= Assigned task =
Copy each line below exactly and leave the pictures out.

= Given material =
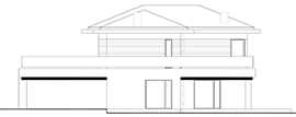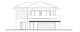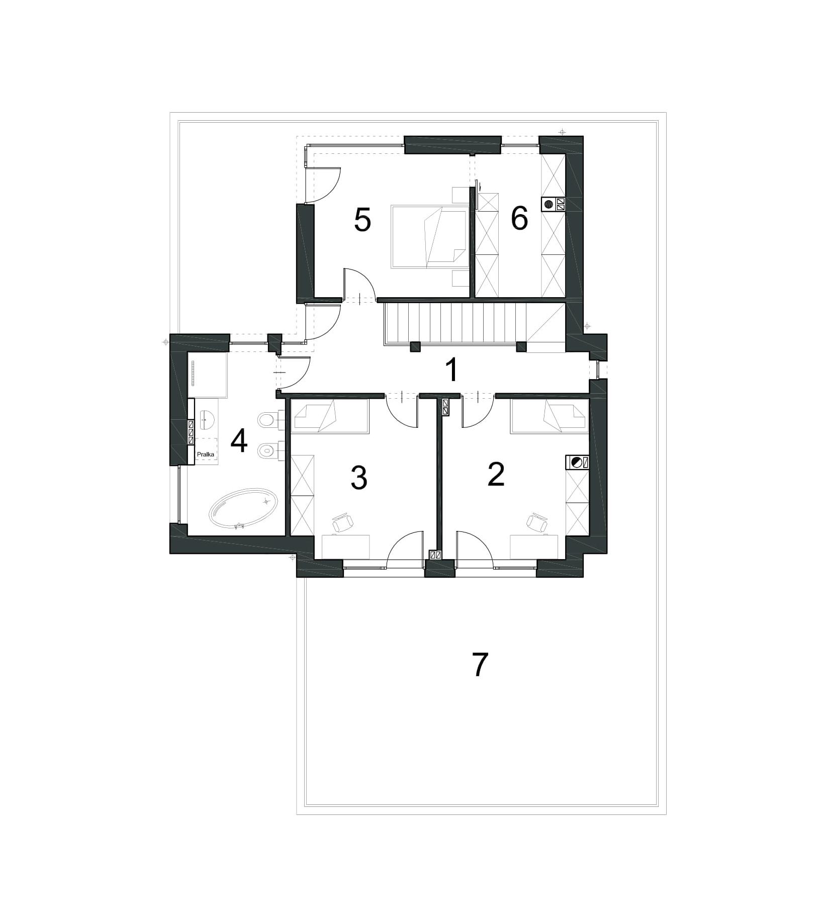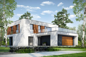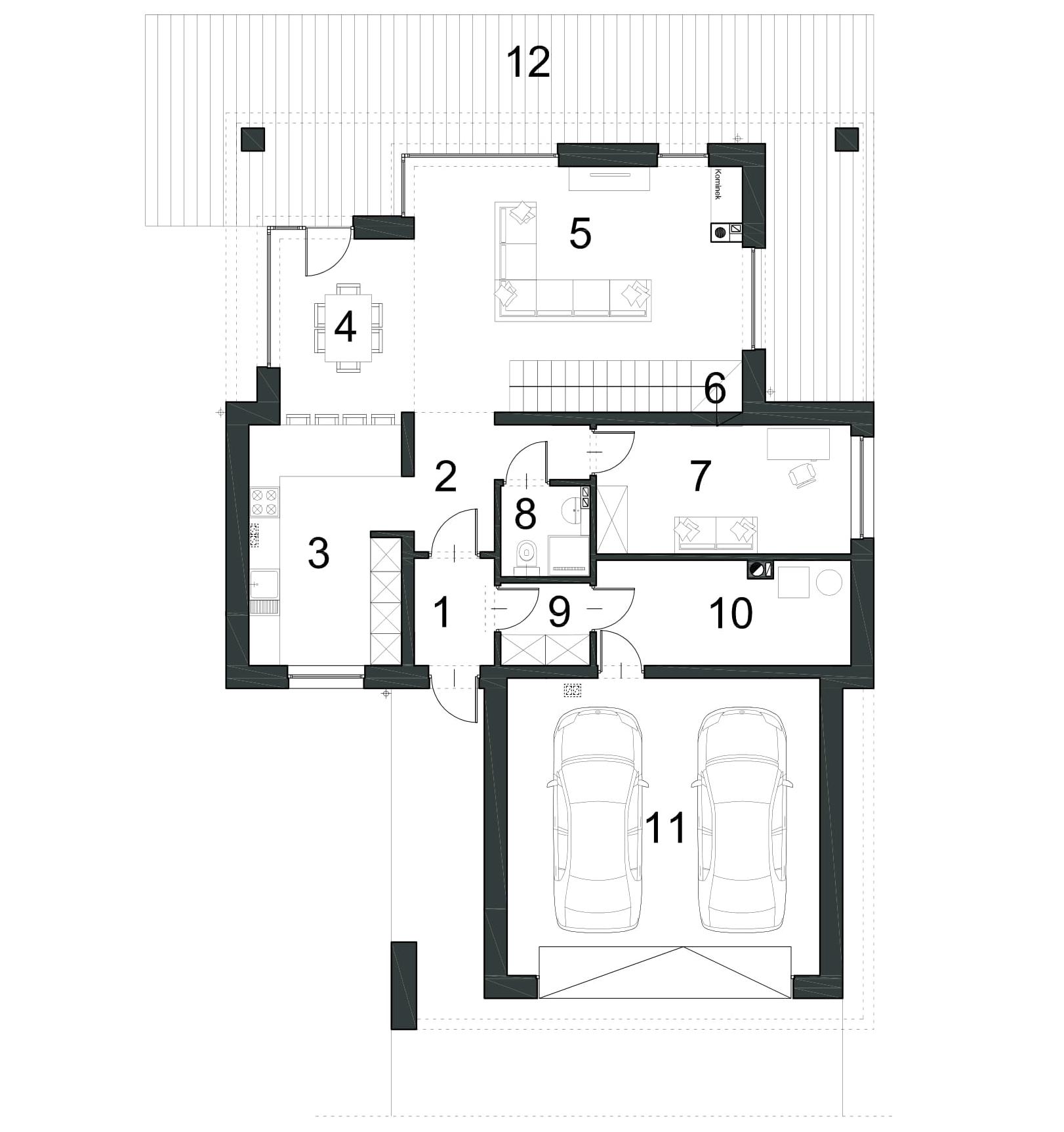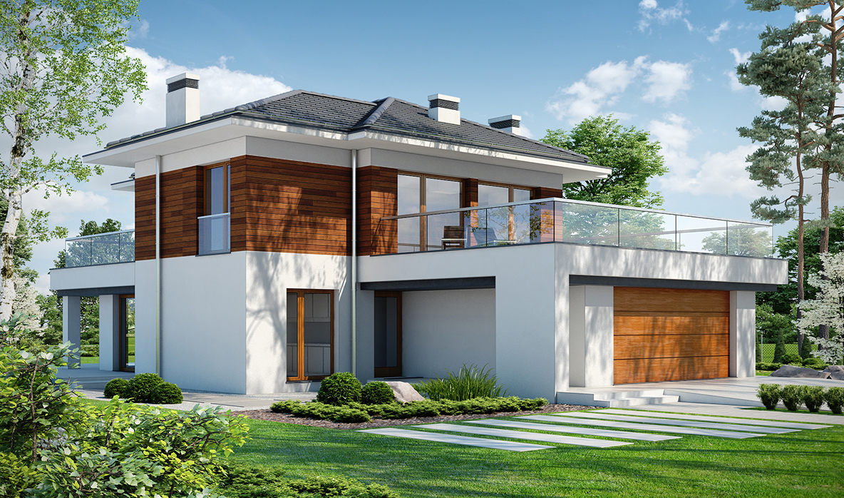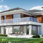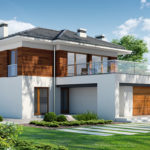 Der Eingang zum Haus ist zentral gelegen, dank dem der Durchgang von der Garage sehr einfach ist. Im Rest des Hauses gibt es eine separate Küche, Esszimmer kombiniert mit einem geräumigen Wohnzimmer mit Kamin und Treppe, Bad und zusätzlichen Platz. Vom Wohnzimmer können Sie zu einer großen Holzterrasse (teilweise überdacht) verlassen, diese Zone ist auch gut durch große Verglasung beleuchtet. Im ersten Stock haben wir eine Nachtzone entworfen – drei Schlafzimmer, darunter ein Doppelzimmer mit separatem Ankleidezimmer. Großes Badezimmer (fast 11 m²) bietet die Möglichkeit, eine Waschmaschine und sogar einen Trockner einzusetzen. Alle Zimmer im ersten Stock haben Zugang zur Terrasse, die das Haus von allen Seiten umgibt. Die Empfehlung für die Fassade des Hauses ist weißer Putz, graue Sandkleidung (einschließlich des Daches) mit Details in Holzpaneelen.
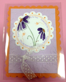 These are cards made at the Columbia, SC show. It was a color challenge of periwinkle and tangerine. The top card’s colors are our orange fizz and berrylicious, the closest I can come to those colors. Bottom card’s colors are grape jelly and orange fizz. Stamps used: F194 Swiss Dot, C197 Handmade, AA14 Firefly, G17 Retro Daisies, B208 KB’s Duo Daisies Sm, G302 KB’s Duo Daisies Lg
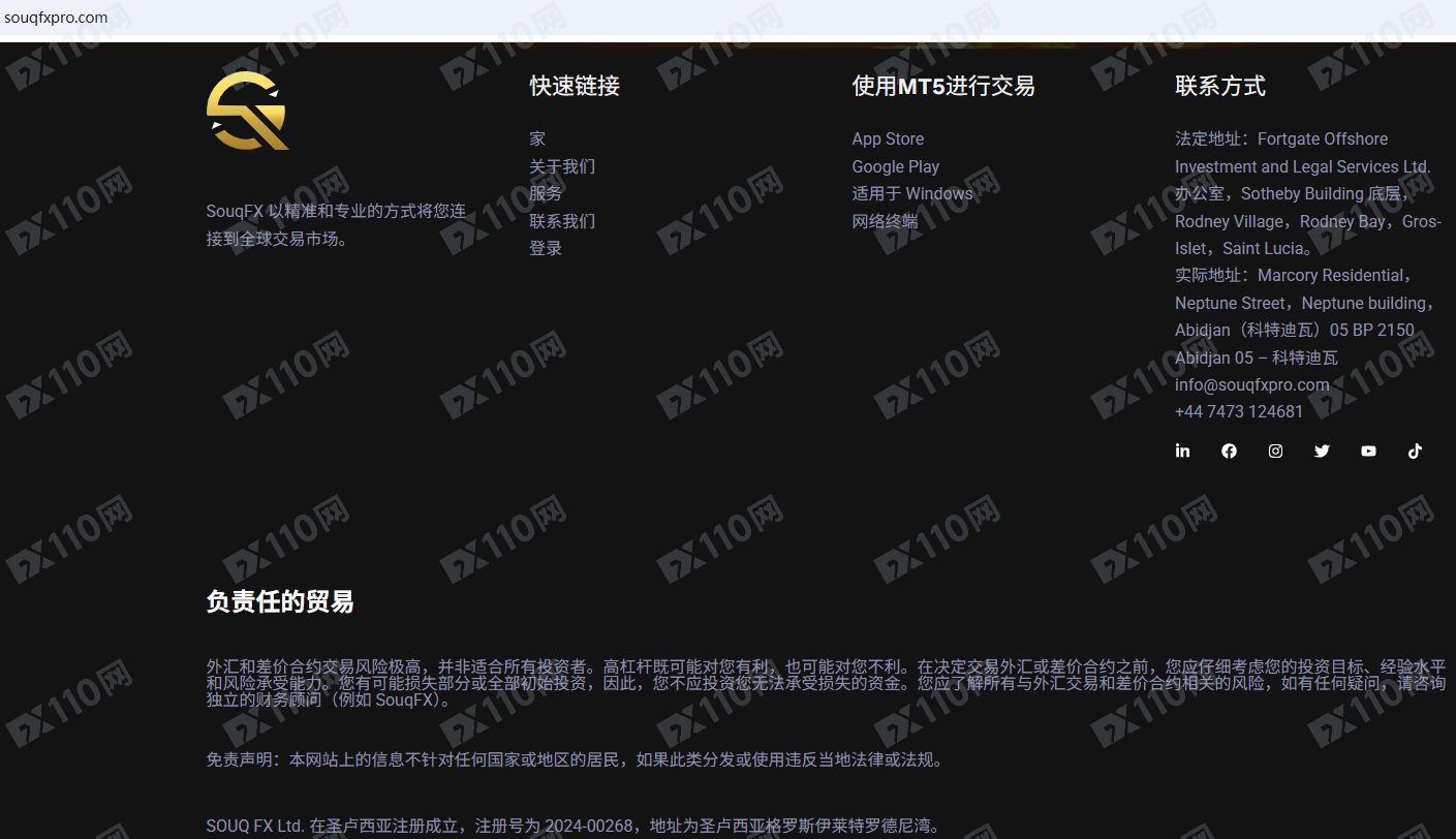 SouqFX平臺宣傳所屬SOUQ FX Ltd,在圣盧西亞注冊成立,注冊號為2024-00268,提供外匯、加密貨幣、大宗商品等等金融衍生品投資交易服務。

= Task output =
 Der Eingang zum Haus ist zentral gelegen, dank dem der Durchgang von der Garage sehr einfach ist. Im Rest des Hauses gibt es eine separate Küche, Esszimmer kombiniert mit einem geräumigen Wohnzimmer mit Kamin und Treppe, Bad und zusätzlichen Platz. Vom Wohnzimmer können Sie zu einer großen Holzterrasse (teilweise überdacht) verlassen, diese Zone ist auch gut durch große Verglasung beleuchtet. Im ersten Stock haben wir eine Nachtzone entworfen – drei Schlafzimmer, darunter ein Doppelzimmer mit separatem Ankleidezimmer. Großes Badezimmer (fast 11 m²) bietet die Möglichkeit, eine Waschmaschine und sogar einen Trockner einzusetzen. Alle Zimmer im ersten Stock haben Zugang zur Terrasse, die das Haus von allen Seiten umgibt. Die Empfehlung für die Fassade des Hauses ist weißer Putz, graue Sandkleidung (einschließlich des Daches) mit Details in Holzpaneelen.
 These are cards made at the Columbia, SC show. It was a color challenge of periwinkle and tangerine. The top card’s colors are our orange fizz and berrylicious, the closest I can come to those colors. Bottom card’s colors are grape jelly and orange fizz. Stamps used: F194 Swiss Dot, C197 Handmade, AA14 Firefly, G17 Retro Daisies, B208 KB’s Duo Daisies Sm, G302 KB’s Duo Daisies Lg
 SouqFX平臺宣傳所屬SOUQ FX Ltd,在圣盧西亞注冊成立,注冊號為2024-00268,提供外匯、加密貨幣、大宗商品等等金融衍生品投資交易服務。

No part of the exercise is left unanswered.